En avril dernier, la sénatrice Diane Bellemare a proposé au Parlement que la Loi sur la Banque du Canada soit mise à jour. La Banque gère les taux d’intérêt au pays. En rendant l’argent cher, elle décourage la dépense, ce qui ralentit l’emploi et l’inflation. À l’inverse, en rendant l’argent facile, elle encourage la dépense, ce qui favorise l’emploi et active l’inflation.
La Loi sur la Banque du Canada, qui date de 1934, ne contient qu’une vague exhortation à stabiliser les prix et l’emploi. Son rôle exact n’est pas précisé. Depuis 1991, une entente formelle entre la Banque et le gouvernement fédéral, renouvelée tous les cinq ans, a cherché à combler ce vide, mais seulement en partie. L’unique mandat de la Banque, selon l’entente, est de maintenir le taux d’inflation autour du niveau stable et modéré de 2 %.
La sénatrice Bellemare convient parfaitement de la nécessité de contenir l’inflation, mais juge que l’objectif de promouvoir l’emploi est tout aussi important. Elle s’inquiète du fait que ni la Loi ni l’entente ne donnent à la Banque le mandat explicite de protéger le Canada contre le chômage.
La requête de la sénatrice, qui consisterait à élargir le mandat de la Banque du Canada de façon à combler cette lacune, n’a rien d’original. Aux États-Unis, il y a 40 ans que la loi Humphrey-Hawkins ordonne à la banque centrale non seulement de minimiser l’inflation, mais aussi de maximiser l’emploi. L’organisme est soumis à des procédures de transparence envers le public et à l’obligation de rendre des comptes devant le Congrès. Des dispositions semblables s’appliquent en Australie et en Nouvelle-Zélande.
La sénatrice ne met nullement en doute la compétence des dirigeants de la Banque du Canada, qui affirment gérer les taux d’intérêt de manière prospective et flexible. Alors, à quoi servirait la mise à jour qu’elle propose ?

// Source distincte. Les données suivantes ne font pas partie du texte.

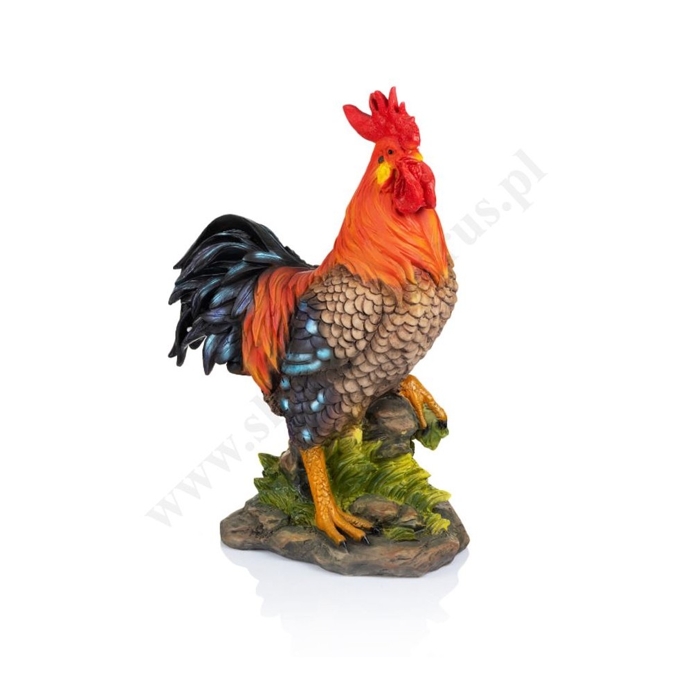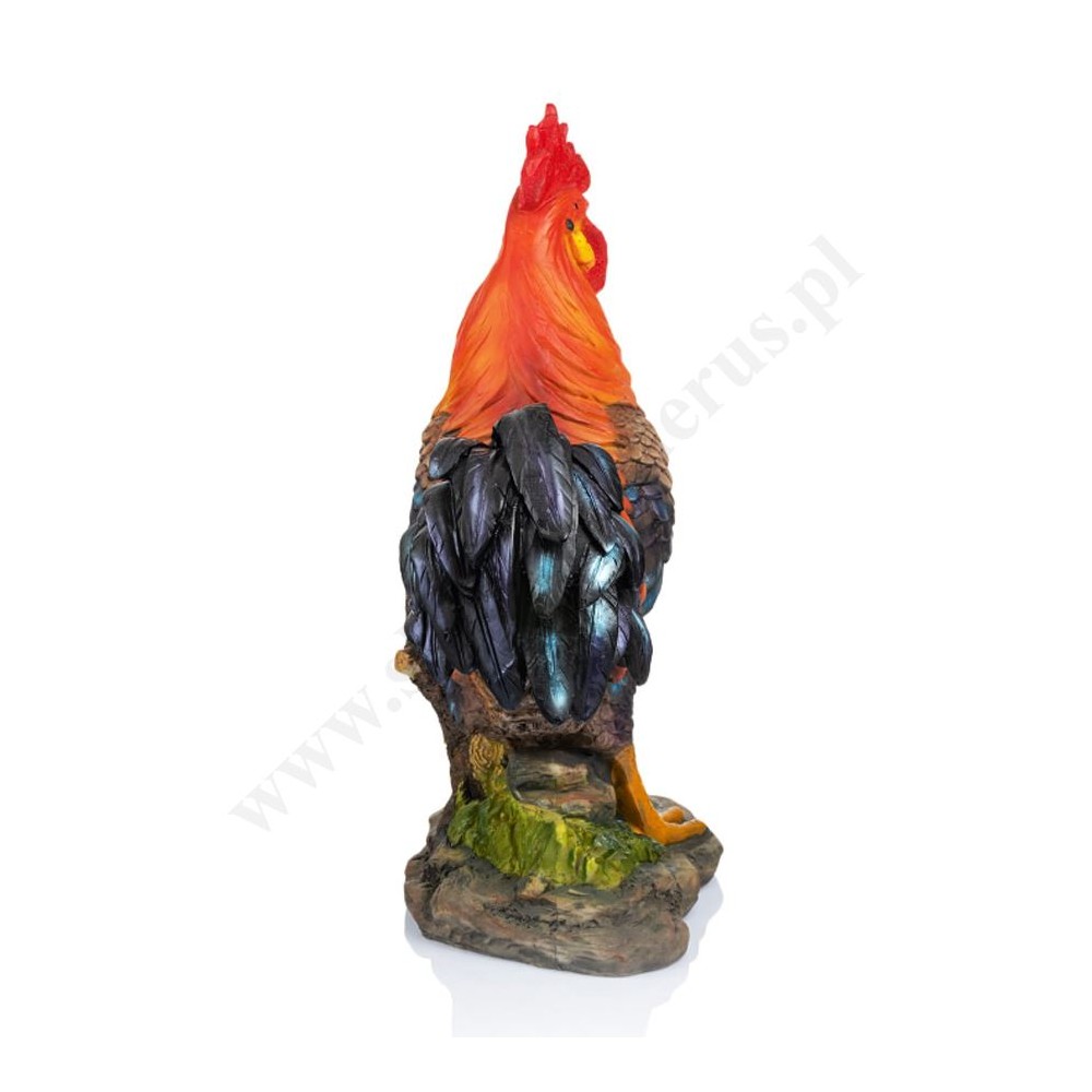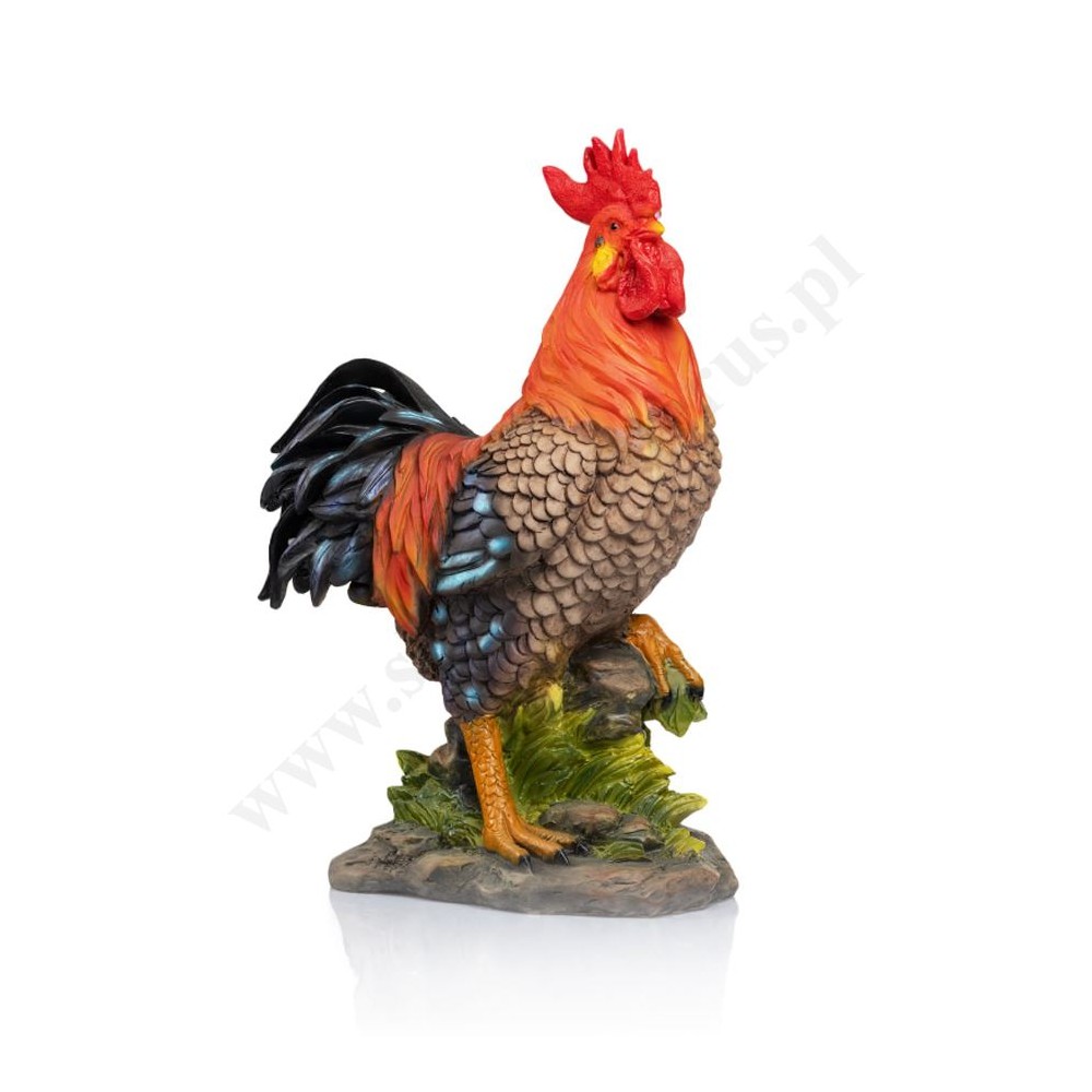 Figurka koguta do szopki bożonarodzeniowej o wysokości 41.5 cm, szerokości 28 cm i głębokości 17 cm wykonana z żywicy.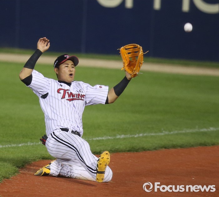 | △ 파울플라이 잡으려 몸을 날리는 LG 채은성 |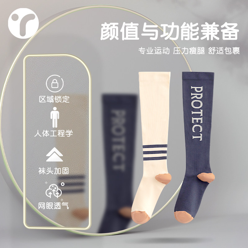 女士专业运动压力袜夏季速干小腿袜压缩马拉松跑步健身瘦腿长筒袜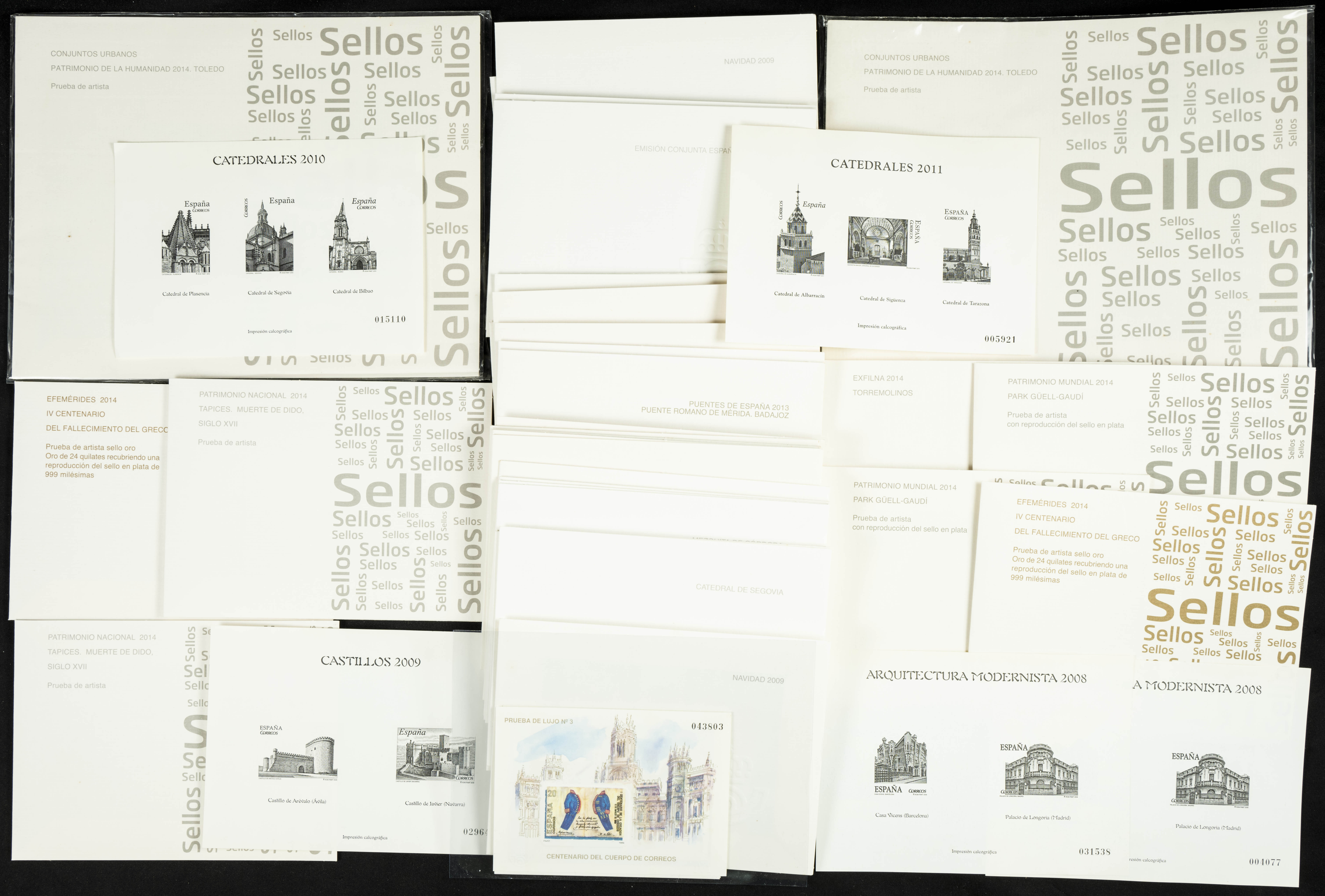 ★★(2004ca). Conjunto de Pruebas de Lujo entre 2004 y 2014, una gran parte repetidas (se incluye relación), incluye Prueba de 1989 del Cuerpo de Correos. A EXAMINAR. Edifil 2026: +740 Euros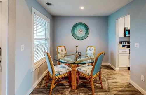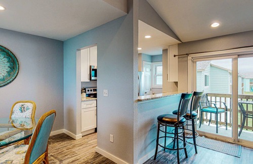 Book your next vacation getaway at Shell We Dance. This newly remodeled second-floor condo has a view of the shared pool, hot tub, and grilling area from the balcony, kitchen, and living room. This home is decorated throughout with a neutral color pallet of the ocean and sand. The full kitchen has everything you will need to prepare freshly cooked meals with stainless steel appliances, granite counter space, a pantry, a regular coffee maker, dishes, basic pots, pans, and utensils. The dining table is accommodating six guests with additional seating for two at the breakfast bar. The living room boasts an overstuffed couch and loveseat, made for relaxing with a TV, cable, and Wi-Fi. Enjoy sipping your morning coffee on the balcony in the bay breeze. Back inside, the guest bedroom (BR1) contains 2 Twin size beds, nightstands, a chest, a TV, and a closet. The hall bath is equipped with a vanity and a tub/shower. The master bedroom (BR2) is made up of a Queen-sized bed, nightstands, closet, dresser, TV, and chest. The ensuite bathroom provides a large vanity separate from the tub/shower. For your convenience, there is a full-size washer and dryer located in the laundry room at the end of the hall with an iron and ironing board. Enjoy the close walking proximity to the Marina to watch the dolphins. Shops, restaurants, and bars are only 0.5 miles away and it is a short 1.3-mile drive to the beach.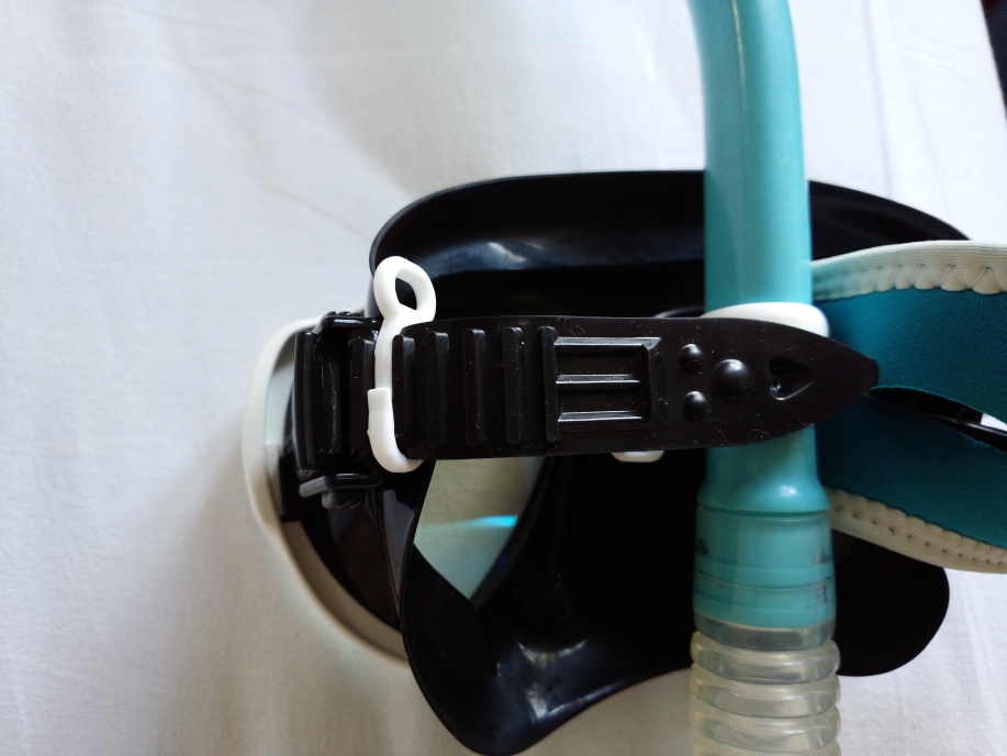 マスクを装着して、留めるゴムを強く引っ張った時、何やら私のマスク近辺から黒いプラスチック製品が飛んで行くのが見え、とっさに水中に手を突っ込み、その黒いプラスチックをつかみました。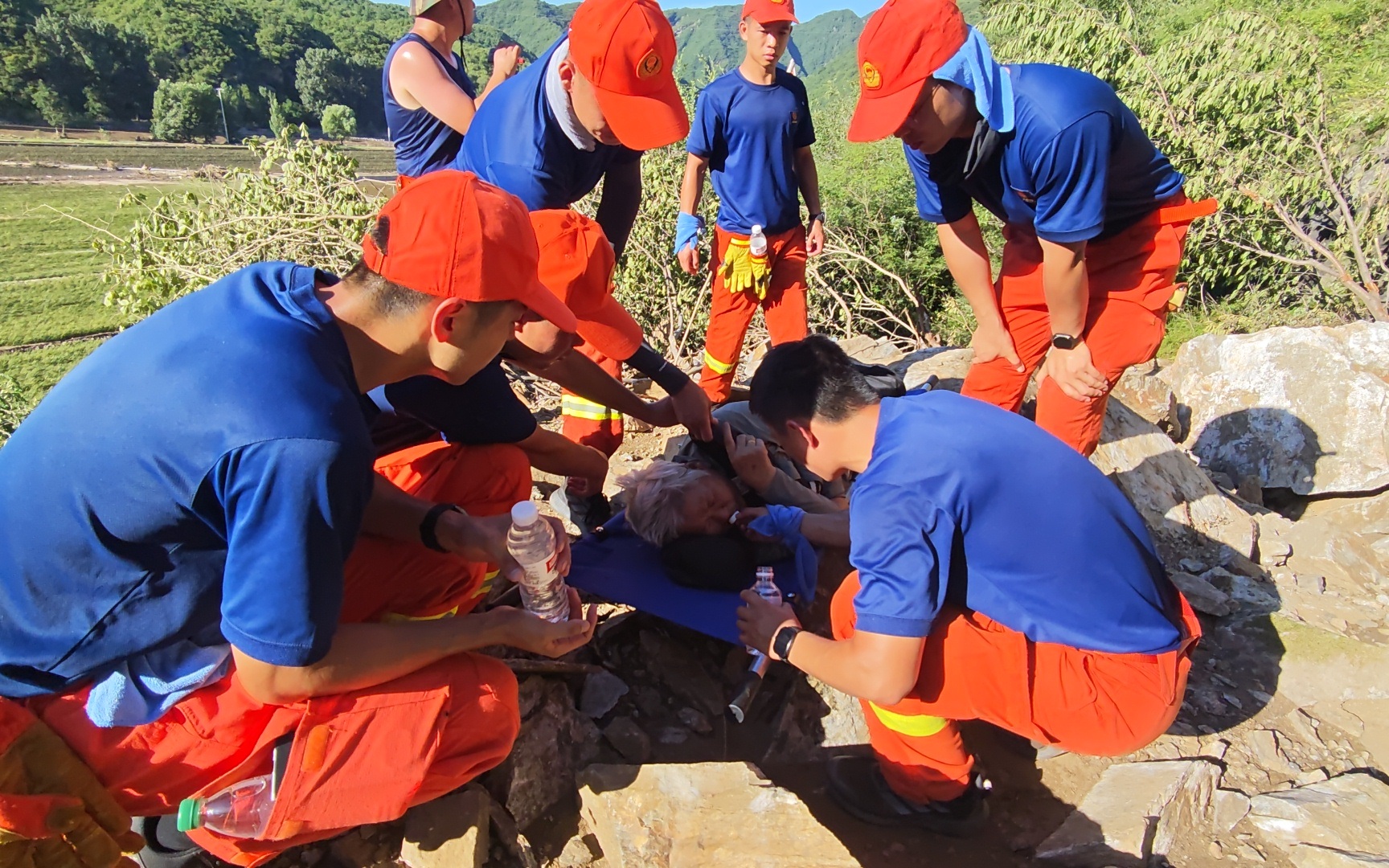 得知张女士母亲已76岁,且患有股骨头坏死、严重哮喘等疾病后,生物医药基地消防救援站的6名消防救援人员全程用担架护送她。在走过最后一处陡坡后,张女士突然激动地哭起来,“感谢你们,我真的不想给你们添麻烦,我儿子也是消防员,我知道你们很辛苦,所以我本来想带着我母亲慢慢自己走。”这让在场的消防救援人员为之动容。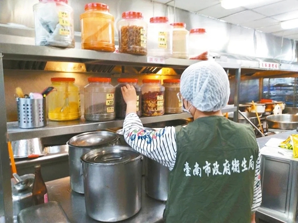臺(tái)南市衛(wèi)生局人員前往新化高中供餐廠商廚房,調(diào)查學(xué)生集體腹瀉原因。 (圖片取自臺(tái)媒)

À deux choses. Premièrement, dans certaines circonstances, un mandat étendu à la protection de l’emploi pourrait bien améliorer la performance du Canada. À l’été 2010, la Banque du Canada a appliqué une hausse substantielle de 0,75 % à son taux d’intérêt directeur malgré un taux de chômage qui dépassait encore 8 %. De son côté, afin de combattre le chômage élevé aux États-Unis, la banque centrale américaine a au contraire maintenu sans broncher son taux directeur proche du plancher de 0 %. Or, au bout de quatre ans, en 2014, le taux de chômage n’avait diminué que d’un seul point au Canada, mais de quatre points aux États-Unis. La différence dans l’orientation des politiques monétaires y avait certainement contribué en partie. Manifestement, le resserrement monétaire de 2010 à 2014 au Canada avait été prématuré. Pourquoi les Canadiens ont-ils échoué là où les Américains ont réussi ? Il est tout probable que la banque centrale américaine s’était sentie pressée de restaurer l’emploi en vertu de Humphrey-Hawkins, alors que la Banque du Canada n’était guidée par aucune balise juridique de ce type. Ce à quoi la sénatrice propose de remédier.
Deuxièmement, en politique, le passé n’est jamais garant de l’avenir. Il n’est pas impossible qu’un futur gouverneur de la Banque du Canada soit moins préoccupé par l’emploi que le gouverneur actuel, et qu’en même temps un futur ministre fédéral des Finances vise l’austérité budgétaire sans égard à la conjoncture économique. Qui alors serait responsable de restaurer l’emploi au Canada si le pays devait essuyer une récession importante ? Avec une loi amendée qui donnerait à la Banque du Canada le mandat explicite de contenir l’inflation et de maximiser l’emploi, les Canadiens sauraient que leur banque centrale aurait l’obligation de défendre ces deux dimensions de leur bien-être, et non pas une seule. La Banque pourrait s’employer, en privé comme en public, à convaincre le ministre des Finances de gérer son budget de manière plus appropriée au contexte économique. Aux États-Unis, la Réserve fédérale est vue comme un bouclier contre l’incurie du président et du Congrès en cas de récession. Un mandat élargi pourrait faire émerger au Canada la même perception populaire favorable à la banque centrale.
La proposition Bellemare protégerait mieux le Canada contre les risques économiques et politiques. Le double mandat réclamé par la sénatrice a reçu l’appui signé d’une soixantaine d’économistes canadiens. Il faut se joindre sans hésiter à ce mouvement plein de bon sens.